Task item: Word for word, set down the lines from the one that contains "ということでまずは3つの塊・" through the final line of the data; no pictures belong in the copy.

Material for this exercise:
□ □ □ □
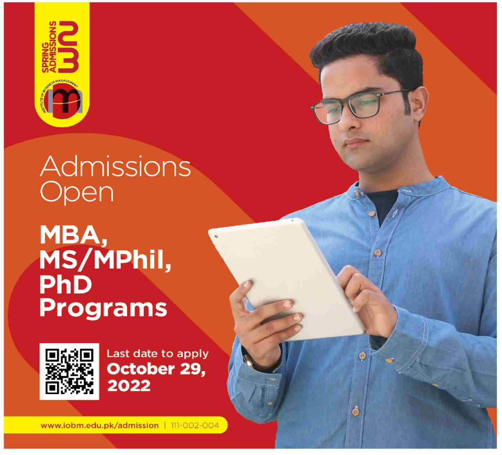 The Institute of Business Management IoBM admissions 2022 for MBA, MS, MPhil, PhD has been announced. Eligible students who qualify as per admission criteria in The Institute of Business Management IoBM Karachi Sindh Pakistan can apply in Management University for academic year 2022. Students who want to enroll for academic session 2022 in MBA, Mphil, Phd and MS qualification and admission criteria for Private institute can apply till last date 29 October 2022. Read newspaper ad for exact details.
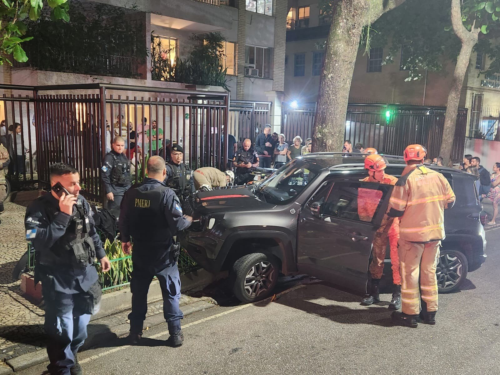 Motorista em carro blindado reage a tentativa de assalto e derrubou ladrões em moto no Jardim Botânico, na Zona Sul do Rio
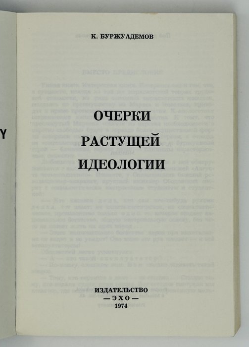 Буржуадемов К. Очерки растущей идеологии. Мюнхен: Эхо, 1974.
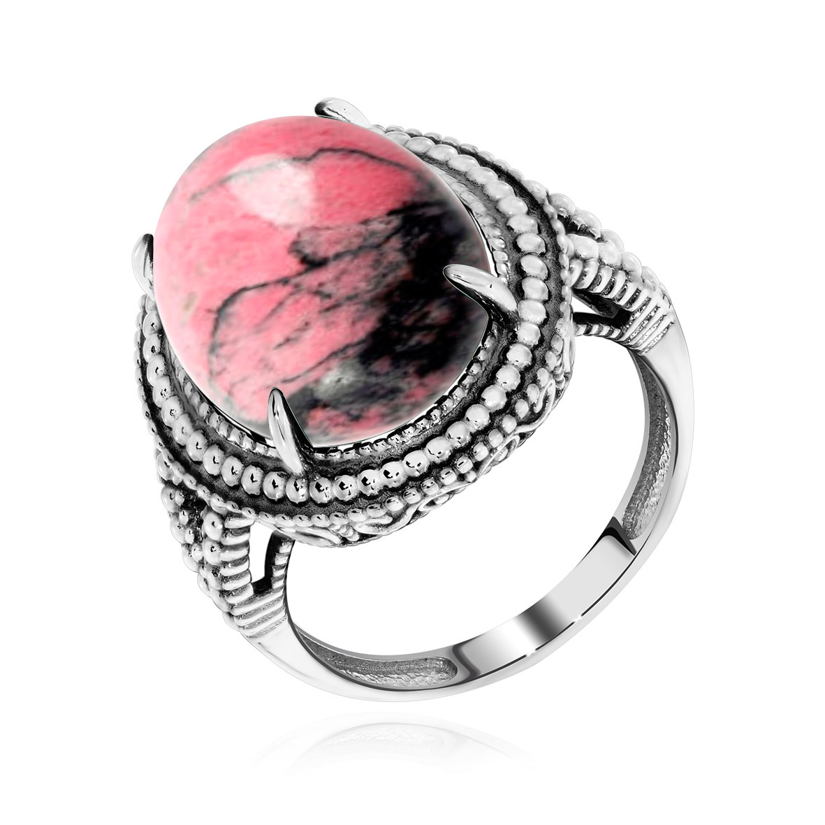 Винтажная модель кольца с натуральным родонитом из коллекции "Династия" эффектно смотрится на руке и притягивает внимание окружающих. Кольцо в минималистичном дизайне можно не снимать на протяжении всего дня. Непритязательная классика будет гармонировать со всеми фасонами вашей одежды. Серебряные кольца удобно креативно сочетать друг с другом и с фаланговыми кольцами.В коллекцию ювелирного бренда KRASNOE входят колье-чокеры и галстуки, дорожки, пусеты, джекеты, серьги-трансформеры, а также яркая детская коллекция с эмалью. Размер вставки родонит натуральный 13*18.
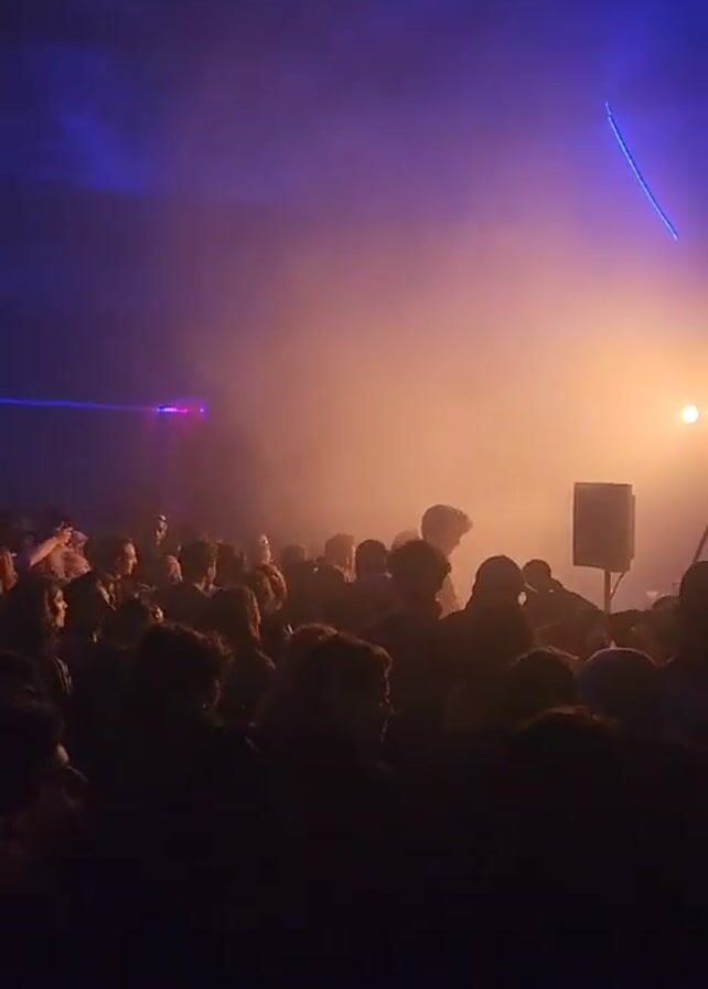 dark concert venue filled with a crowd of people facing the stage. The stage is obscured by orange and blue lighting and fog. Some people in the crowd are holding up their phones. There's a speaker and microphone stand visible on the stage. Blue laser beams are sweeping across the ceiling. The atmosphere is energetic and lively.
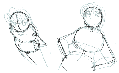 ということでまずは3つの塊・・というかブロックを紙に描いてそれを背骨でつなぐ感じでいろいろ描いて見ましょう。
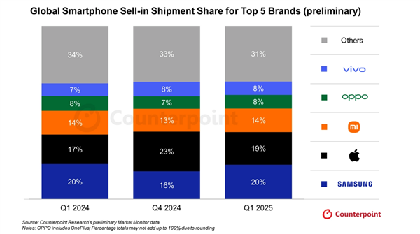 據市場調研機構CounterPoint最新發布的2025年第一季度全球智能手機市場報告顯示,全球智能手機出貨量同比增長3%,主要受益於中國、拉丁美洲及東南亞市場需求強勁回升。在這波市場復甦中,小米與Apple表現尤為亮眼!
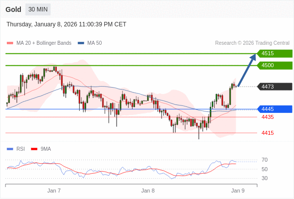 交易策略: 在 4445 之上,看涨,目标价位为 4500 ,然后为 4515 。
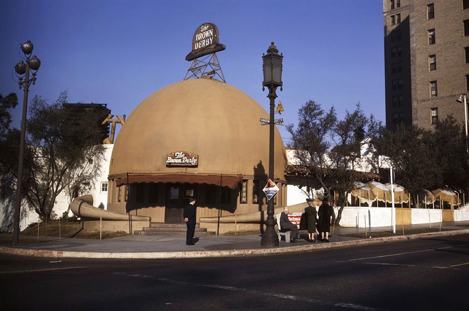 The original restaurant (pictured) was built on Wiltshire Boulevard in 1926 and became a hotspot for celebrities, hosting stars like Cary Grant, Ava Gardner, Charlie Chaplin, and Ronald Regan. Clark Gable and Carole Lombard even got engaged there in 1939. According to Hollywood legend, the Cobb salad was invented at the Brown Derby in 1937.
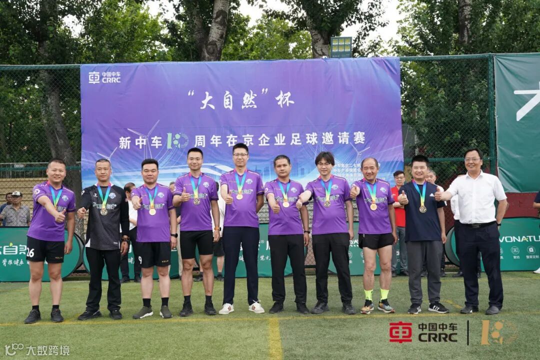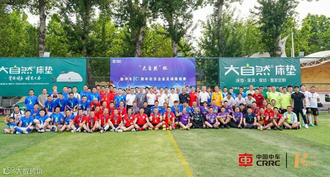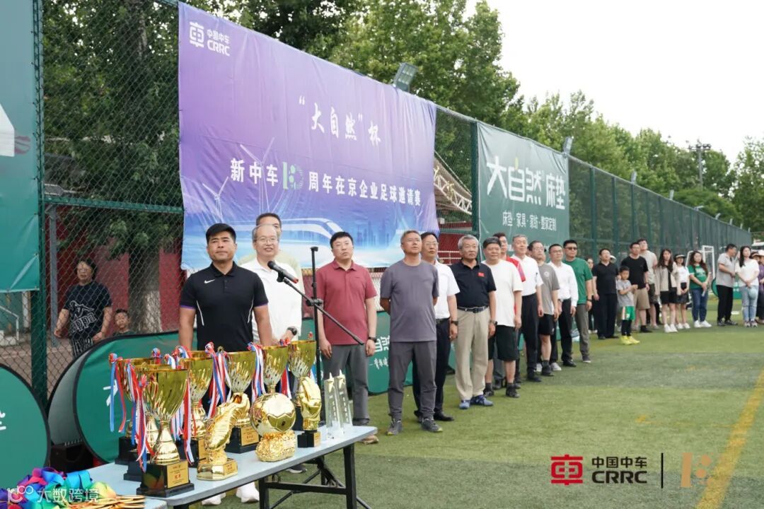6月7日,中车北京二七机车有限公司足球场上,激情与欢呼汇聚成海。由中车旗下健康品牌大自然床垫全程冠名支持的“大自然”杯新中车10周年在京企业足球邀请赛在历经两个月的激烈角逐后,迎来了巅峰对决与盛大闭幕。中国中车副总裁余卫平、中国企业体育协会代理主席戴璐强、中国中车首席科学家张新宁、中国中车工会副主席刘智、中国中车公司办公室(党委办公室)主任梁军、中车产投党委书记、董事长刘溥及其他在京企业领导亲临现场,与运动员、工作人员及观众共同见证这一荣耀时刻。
□ □ □ □
Output of the task:
 ということでまずは3つの塊・・というかブロックを紙に描いてそれを背骨でつなぐ感じでいろいろ描いて見ましょう。
 據市場調研機構CounterPoint最新發布的2025年第一季度全球智能手機市場報告顯示,全球智能手機出貨量同比增長3%,主要受益於中國、拉丁美洲及東南亞市場需求強勁回升。在這波市場復甦中,小米與Apple表現尤為亮眼!
 交易策略: 在 4445 之上,看涨,目标价位为 4500 ,然后为 4515 。
 The original restaurant (pictured) was built on Wiltshire Boulevard in 1926 and became a hotspot for celebrities, hosting stars like Cary Grant, Ava Gardner, Charlie Chaplin, and Ronald Regan. Clark Gable and Carole Lombard even got engaged there in 1939. According to Hollywood legend, the Cobb salad was invented at the Brown Derby in 1937.
6月7日,中车北京二七机车有限公司足球场上,激情与欢呼汇聚成海。由中车旗下健康品牌大自然床垫全程冠名支持的“大自然”杯新中车10周年在京企业足球邀请赛在历经两个月的激烈角逐后,迎来了巅峰对决与盛大闭幕。中国中车副总裁余卫平、中国企业体育协会代理主席戴璐强、中国中车首席科学家张新宁、中国中车工会副主席刘智、中国中车公司办公室(党委办公室)主任梁军、中车产投党委书记、董事长刘溥及其他在京企业领导亲临现场,与运动员、工作人员及观众共同见证这一荣耀时刻。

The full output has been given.